“Desliguem o pensamento partidário e sejam mente aberta”. “Sem ideologia. Eficiência e técnica são nossos lemas”. “Eu não discuto partidos, só discuto ideias, voto em pessoas”. “Não sou político, sou um administrador, sou empresário, sou gestor”.  “Nem de direita, nem de esquerda, Brasil acima de tudo”.
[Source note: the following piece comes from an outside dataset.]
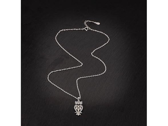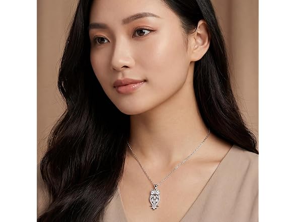 Discover the enchanting beauty of wisdom with the Namomi Jewelry Owl Pendant Necklace - a stunning piece that combines elegance, symbolism, and exceptional craftsmanship. WHY CHOOSE OUR OWL NECKLACE? Premium Quality Materials Crafted from authentic 925 sterling silver and finished with hypoallergenic rhodium plating, this necklace offers superior shine, tarnish resistance, and is gentle on sensitive skin. The rhodium coating ensures long-lasting brilliance while protecting your skin from irritation. Exquisite Design Details Each feather is meticulously detailed to capture the owl's majestic essence. Sparkling cubic zirconia stones adorn the pendant, creating beautiful light reflections that catch everyone's eye. The owl's wise expression and intricate craftsmanship make this more than just jewelry - it's wearable art. Perfect Fit & Comfort The 18-inch chain length is ideal for most necklines, sitting beautifully at the collarbone. The included 1.3-inch extender provides flexibility, ensuring the perfect fit for any occasion or outfit. Meaningful Symbolism The owl represents wisdom, intuition, and protection across cultures. Wear this necklace as a reminder of your inner strength and intelligence, or gift it to someone special to convey your admiration for their wisdom. Ready to Gift Arrives in an elegant gift pouch, making it perfect for birthdays, graduations, Mother's Day, anniversaries, Christmas, or "just because" moments. No additional wrapping needed! CARE INSTRUCTIONS: Store in the provided pouch when not wearing Remove before swimming, showering, or exercising Clean gently with a soft polishing cloth Avoid contact with perfumes, lotions, and harsh chemicals

Você já ouviu as frases acima? Leu em alguma rede social? Ou, ainda, ouviu em um bate papo com aquele amigo mais progressista? Nas últimas eleições (2016 e 2018), muitas das ideais transmitidas nessas frases circularam entre a população e foram constantemente afirmadas nos discursos de políticos hoje eleitos – como João Dória (PSDB-SP), Carlos Moisés (PSL-SC) e Bolsonaro (sem partido). Na atual eleição (2020), esse fenômeno permanece.

Imagem: Reprodução Folha

No Brasil, é impossível que uma pessoa seja candidata sem estar filiada a um partido. A obrigatoriedade da filiação partidária como critério para elegibilidade está na Constituição Federal, no artigo 14. É impossível também afirmar que um partido não seja político. Os candidatos que dizem em seus discursos não serem políticos – convencendo parte da população de que isso é bom – estão, no fundo, fazendo política. E não é a “nova política”, como gostam de afirmar.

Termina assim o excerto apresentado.